◆ **Problem details**
Using the records below, write out only the lines from the line containing "ゲームのユーザーが小学生から" up to and including the line containing "Фото Миг, фотосалон", exactly, with no pictures.

START Input material

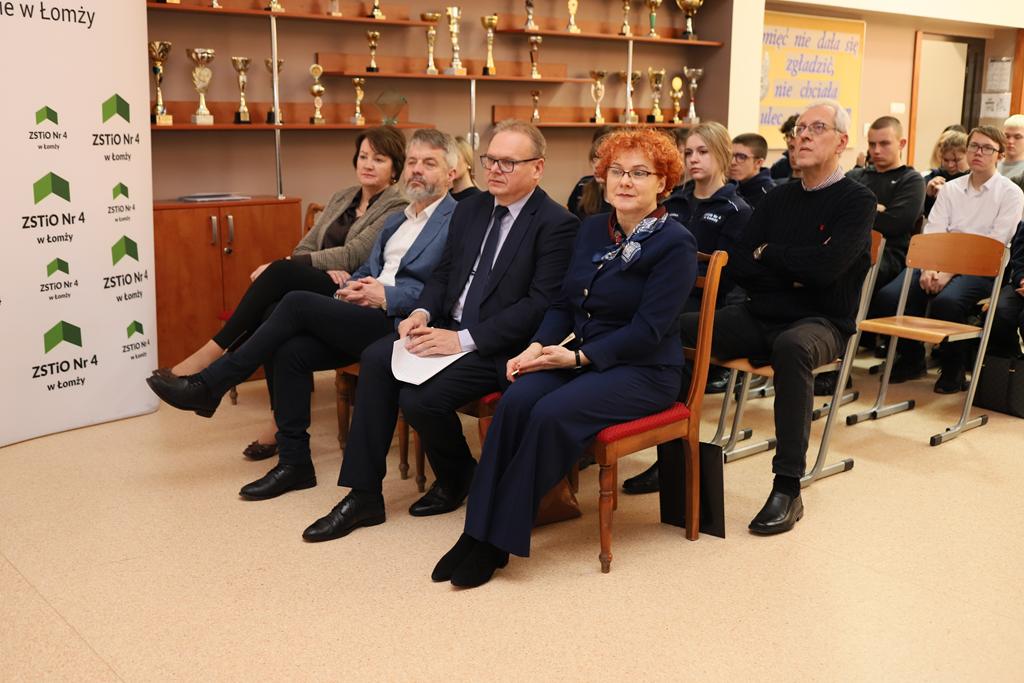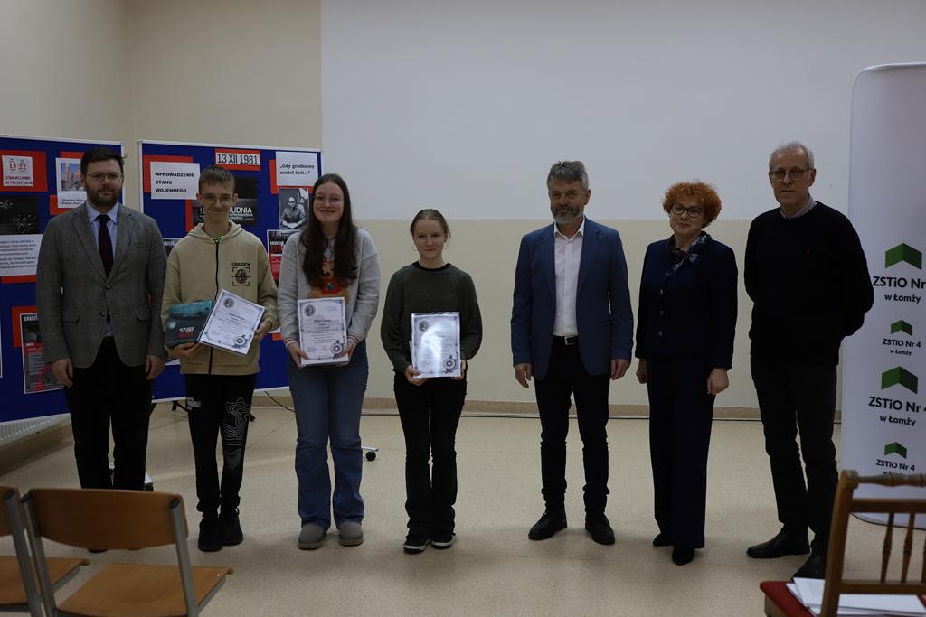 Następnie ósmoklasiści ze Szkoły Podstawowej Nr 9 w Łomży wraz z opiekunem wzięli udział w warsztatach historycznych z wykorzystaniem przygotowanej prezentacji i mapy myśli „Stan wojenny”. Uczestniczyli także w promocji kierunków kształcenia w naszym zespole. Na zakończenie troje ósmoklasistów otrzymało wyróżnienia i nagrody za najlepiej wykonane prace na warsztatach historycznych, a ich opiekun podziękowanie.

END Input material
START Input material

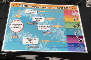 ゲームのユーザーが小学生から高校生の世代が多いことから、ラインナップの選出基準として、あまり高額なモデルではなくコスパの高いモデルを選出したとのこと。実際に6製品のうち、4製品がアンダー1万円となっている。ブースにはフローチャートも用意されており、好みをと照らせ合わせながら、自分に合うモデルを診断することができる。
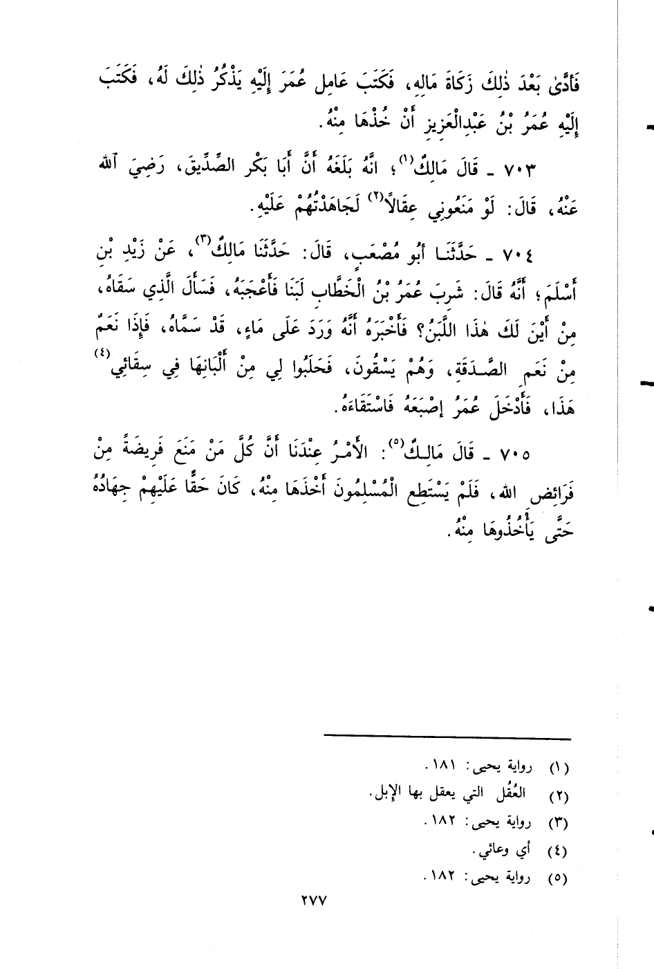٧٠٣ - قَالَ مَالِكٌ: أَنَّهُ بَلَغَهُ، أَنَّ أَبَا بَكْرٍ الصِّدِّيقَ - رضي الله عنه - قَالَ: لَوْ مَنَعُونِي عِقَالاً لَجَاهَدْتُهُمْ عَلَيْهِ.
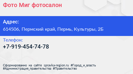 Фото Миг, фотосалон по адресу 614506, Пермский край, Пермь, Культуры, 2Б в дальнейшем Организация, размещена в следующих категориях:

END Input material

◆ **Completed exercise**
 ゲームのユーザーが小学生から高校生の世代が多いことから、ラインナップの選出基準として、あまり高額なモデルではなくコスパの高いモデルを選出したとのこと。実際に6製品のうち、4製品がアンダー1万円となっている。ブースにはフローチャートも用意されており、好みをと照らせ合わせながら、自分に合うモデルを診断することができる。
٧٠٣ - قَالَ مَالِكٌ: أَنَّهُ بَلَغَهُ، أَنَّ أَبَا بَكْرٍ الصِّدِّيقَ - رضي الله عنه - قَالَ: لَوْ مَنَعُونِي عِقَالاً لَجَاهَدْتُهُمْ عَلَيْهِ.
 Фото Миг, фотосалон по адресу 614506, Пермский край, Пермь, Культуры, 2Б в дальнейшем Организация, размещена в следующих категориях:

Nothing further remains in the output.